Implement a HyperNet Layer

julia
function HyperNet(weight_generator::AbstractLuxLayer, core_network::AbstractLuxLayer)
    ca_axes = getaxes(
        ComponentArray(Lux.initialparameters(Random.default_rng(), core_network))
    )
    return @compact(; ca_axes, weight_generator, core_network, dispatch=:HyperNet) do (x, y)
        # Generate the weights
        ps_new = ComponentArray(vec(weight_generator(x)), ca_axes)
        @return core_network(y, ps_new)
    end
end

Defining functions on the CompactLuxLayer requires some understanding of how the layer is structured, as such we don't recommend doing it unless you are familiar with the internals. In this case, we simply write it to ignore the initialization of the core_network parameters.

julia
function Lux.initialparameters(rng::AbstractRNG, hn::CompactLuxLayer{:HyperNet})
    return (; weight_generator=Lux.initialparameters(rng, hn.layers.weight_generator))
end

Create and Initialize the HyperNet

julia
function create_model()
    core_network = Chain(
        Conv((3, 3), 1 => 16, relu; stride=2),
        Conv((3, 3), 16 => 32, relu; stride=2),
        Conv((3, 3), 32 => 64, relu; stride=2),
        GlobalMeanPool(),
        FlattenLayer(),
        Dense(64, 10),
    )
    return HyperNet(
        Chain(
            Embedding(2 => 32),
            Dense(32, 64, relu),
            Dense(64, Lux.parameterlength(core_network)),
        ),
        core_network,
    )
end

Define Utility Functions

julia
function accuracy(model, ps, st, dataloader, data_idx)
    total_correct, total = 0, 0
    cdev = cpu_device()
    st = Lux.testmode(st)
    for (x, y) in dataloader
        target_class = onecold(cdev(y))
        predicted_class = onecold(cdev(first(model((data_idx, x), ps, st))))
        total_correct += sum(target_class .== predicted_class)
        total += length(target_class)
    end
    return total_correct / total
end

Training

julia
function train()
    dev = reactant_device(; force=true)

    model = create_model()
    dataloaders = dev(load_datasets())

    Random.seed!(1234)
    ps, st = dev(Lux.setup(Random.default_rng(), model))

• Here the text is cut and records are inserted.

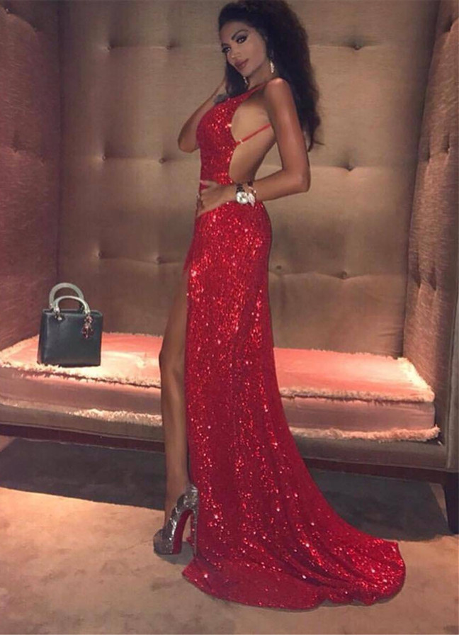 Sexy Sleeveless Red Mermaid Evening Dress, Split Slit Backless Sequins Mermaid Prom Dress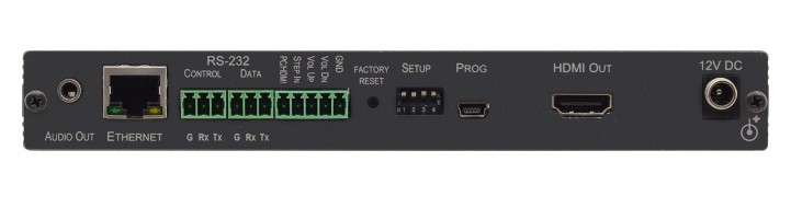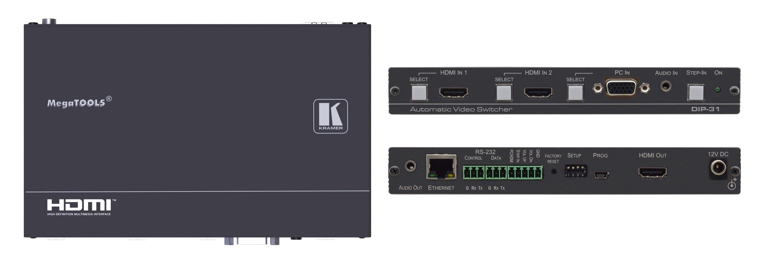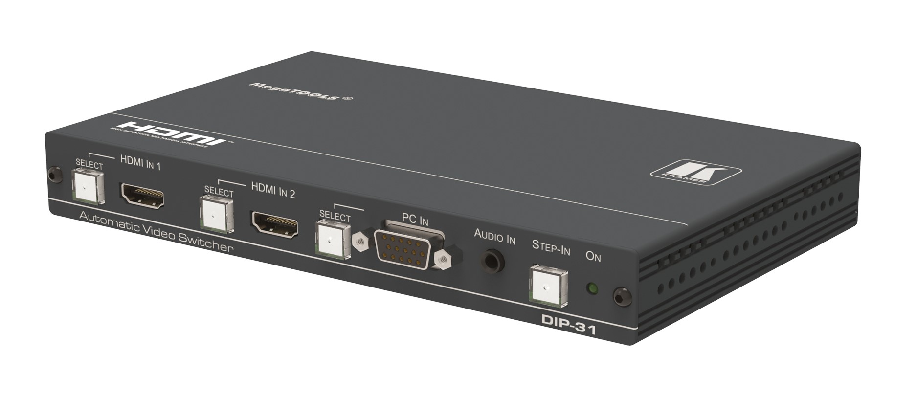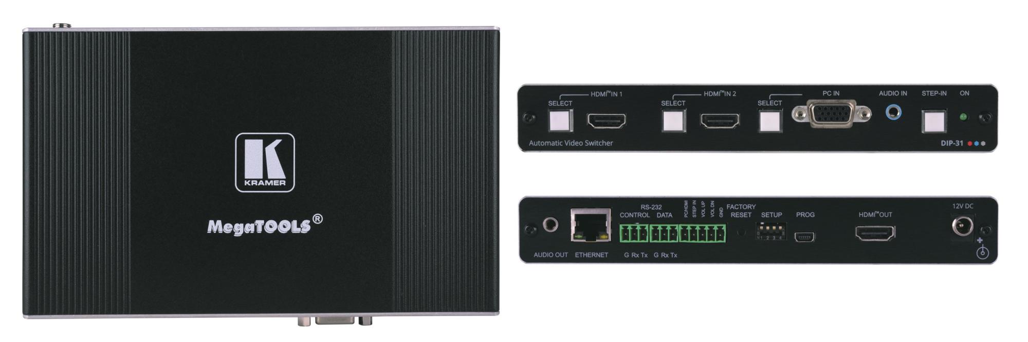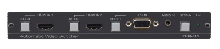 DIP-31 — передатчик по кабелю HDMI c функцией выбора входа на удаленном коммутаторе по технологии Step-in. В устройстве имеются переключаемые автоматически или вручную входы 2хHDMI и VGA, а также вход аналогового небалансного стерео аудио. Прибор преобразует сигнал с любого из выбранных видеовходов в выходной сигнал HDMI.В приборе также имеются порты Ethernet и RS-232, которые могут использоваться как для управления устройством, так и для передачи/приема данных по линии HDMI. Прибор осуществляет эмбедирование аудио, поступающего на небалансный аналоговый вход, в выходной сигнал, а также вывод деэмбедированного из HDMI аудио на небалансный стереовыход. Имеется функция выбора входа на удаленном коммутаторе, реализуемая нажатием кнопки Step-in или замыканием «сухих контактов». Благодаря встроенной в прибор системе Kramer Maestro может осуществляться автоматизация работы различных устройств в помещении.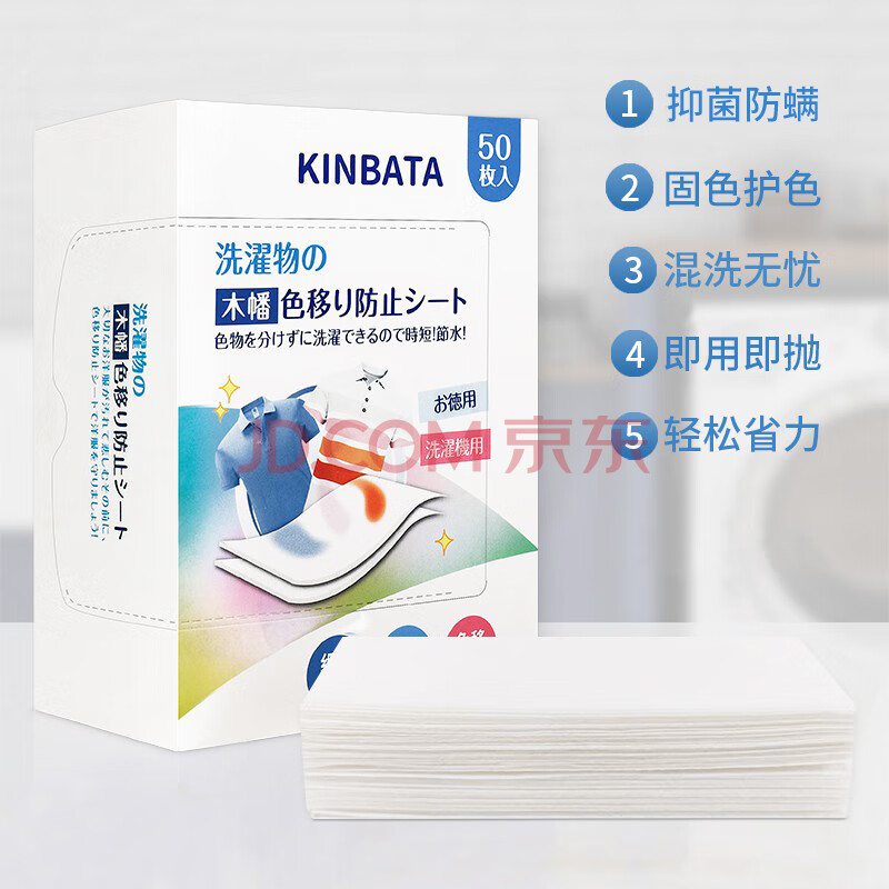 商品相册:KINBATA日本防串色洗衣片50片吸色片防染色洗衣片抑菌防螨色母片第

    train_state = Training.TrainState(model, ps, st, Adam(0.0003f0))

    x = first(first(dataloaders[1][1]))
    data_idx = ConcreteRNumber(1)
    model_compiled = Reactant.with_config(;
        dot_general_precision=PrecisionConfig.HIGH,
        convolution_precision=PrecisionConfig.HIGH,
    ) do
        @compile model((data_idx, x), ps, Lux.testmode(st))
    end

    ### Let's train the model
    nepochs = 50
    for epoch in 1:nepochs, data_idx in 1:2
        train_dataloader, test_dataloader = dev.(dataloaders[data_idx])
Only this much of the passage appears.